Toda la pintura es un delirio grotesco en el que destaca la estructura subterránea y hermética, casi como un estudio espeleológico de las formas del Hades. Entre ella destacan los cinco fuegos superiores de textura volcánica. Del más alejado por la izquierda parecen despeñarse, de entre una ciudad que se destruye, las malvadas criaturas que habitan en este inframundo, y que Caronte transporta en su barca hacia la orilla derecha.
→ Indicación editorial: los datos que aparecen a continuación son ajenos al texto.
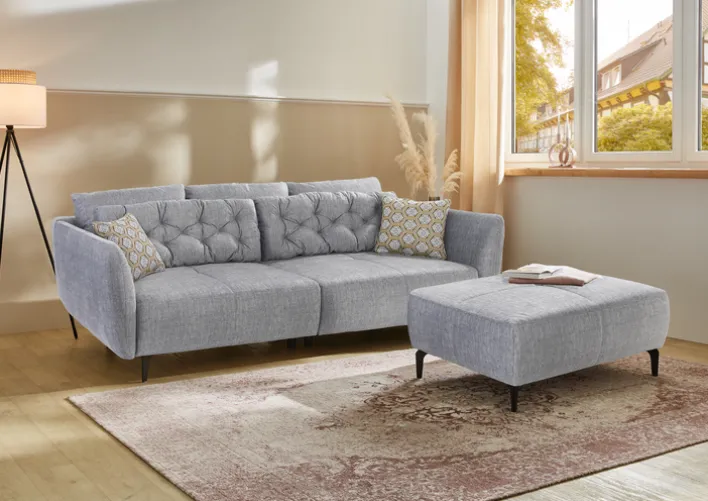 Das Bigsofa CHASE in Grau ist eine gemütliche Sitzgelegenheit i Chesterfield-Look für modern und klassisch eingerichtete Wohnzimmer. Er bietet Platz für die ganze Familie und ist zum Sitzen und Entspannen gleichermaßen geeignet.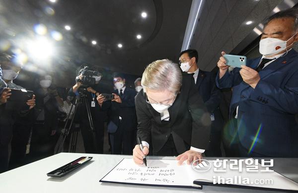 27일 제주4.3평화공원을 방문한 이재명 민주당 대선경선후보가 방명록을 작성하고 있다. 이상국기자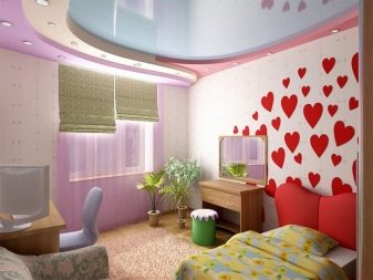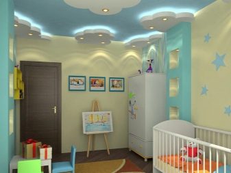 Препоръчва се напълно да се изключи наличието на масивни фигури на тавана, тъй като те влияят негативно върху психиката на децата. Много по -добре е, ако таванът в детската стая е направен в лека форма, създавайки усещане за уют и комфорт..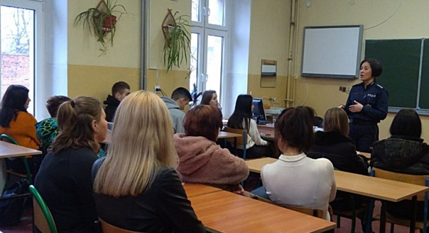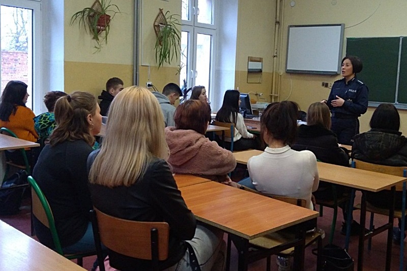 Jak bronić się przed cyberprzemocą, zachować na stoku i czym grozi sięganie po używki? Policjanci edukowali uczniów średzkich szkół.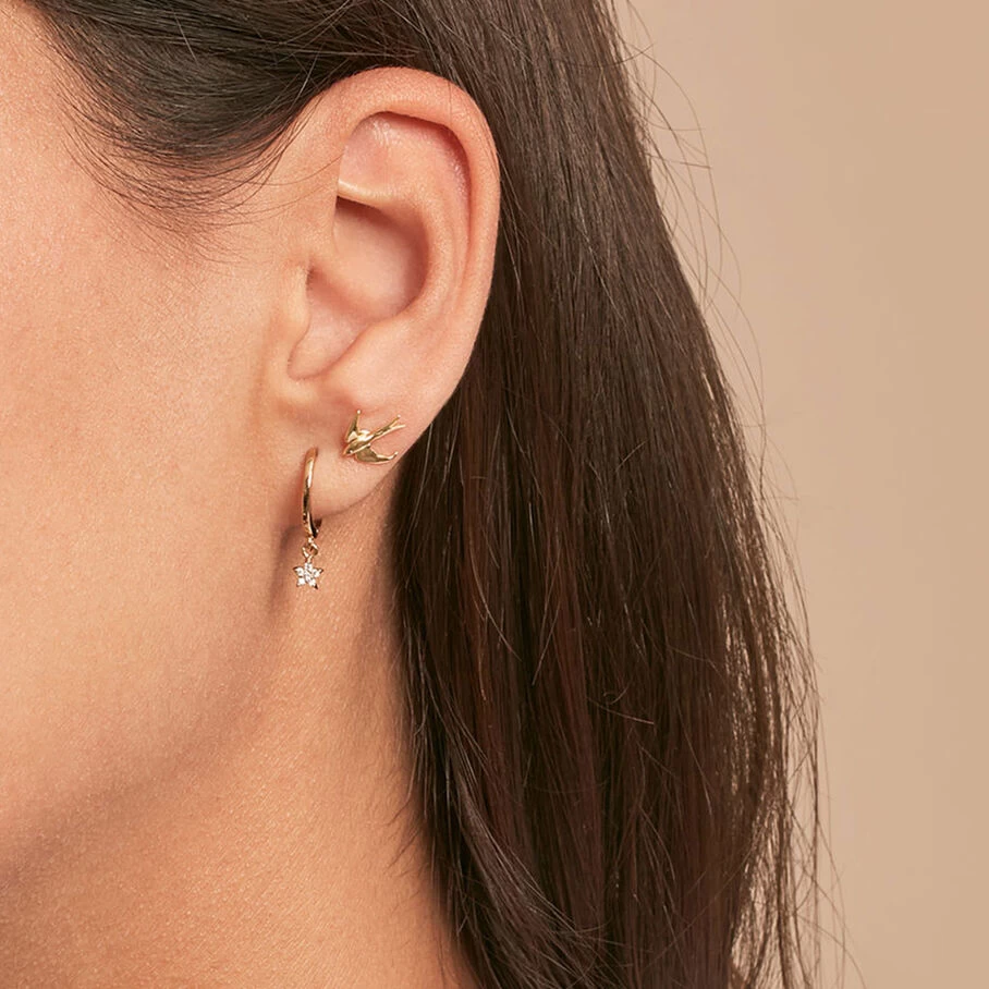 Boucle d’oreille puce, petit oiseau, en argenté doré 750/1000. A l’unité pour mieux les mixer et les accumuler

La poca literatura que tenemos respecto a Fris nos impide analizar su obra con profundidad, pero alejándonos de ella y observándola en conjunto, la parte central nos recuerda a una calavera de ojos encendidos y de boca abierta en cuyo interior tienen su trono Hades y Perséfone.
Los puntos de mayor luminiscencia y sobre los que la obra intenta atraer nuestra atención son aquellos en los que se encuentran Orfeo y Eurídice y donde se sitúan asimismo el rey y la reina del Hades, quienes dan permiso a la pareja para abandonar el inframundo. El otro gran punto de atención, ya en un interior más sombrío, es el monstruo alado con cabeza de rasgos humanos que transporta en su vuelo a un ahorcado vestido de blanco. Sobre la apertura de la cueva un grupo de jugadores de cartas bebe, fuma y se divierte. También aparece, entre otras figuras inquietantes, el búho, como símbolo del conocimiento oculto. Incluso al fondo, ya muy difuminada, una curiosísima bruja montada en una escoba.
Hay verdadera poesía en tus palabras Adriana, y poco más se podría añadir. Quizá que, la mayoría de mitos (relatos), griegos son en verdad expresiones de esa filosofía hermética, que les era tan próxima. Y que trasladada al lienzo, cobra una dimensión aún más cercana si cabe, para el espectador que tiene la oportunidad de contemplarlos. Como en este caso.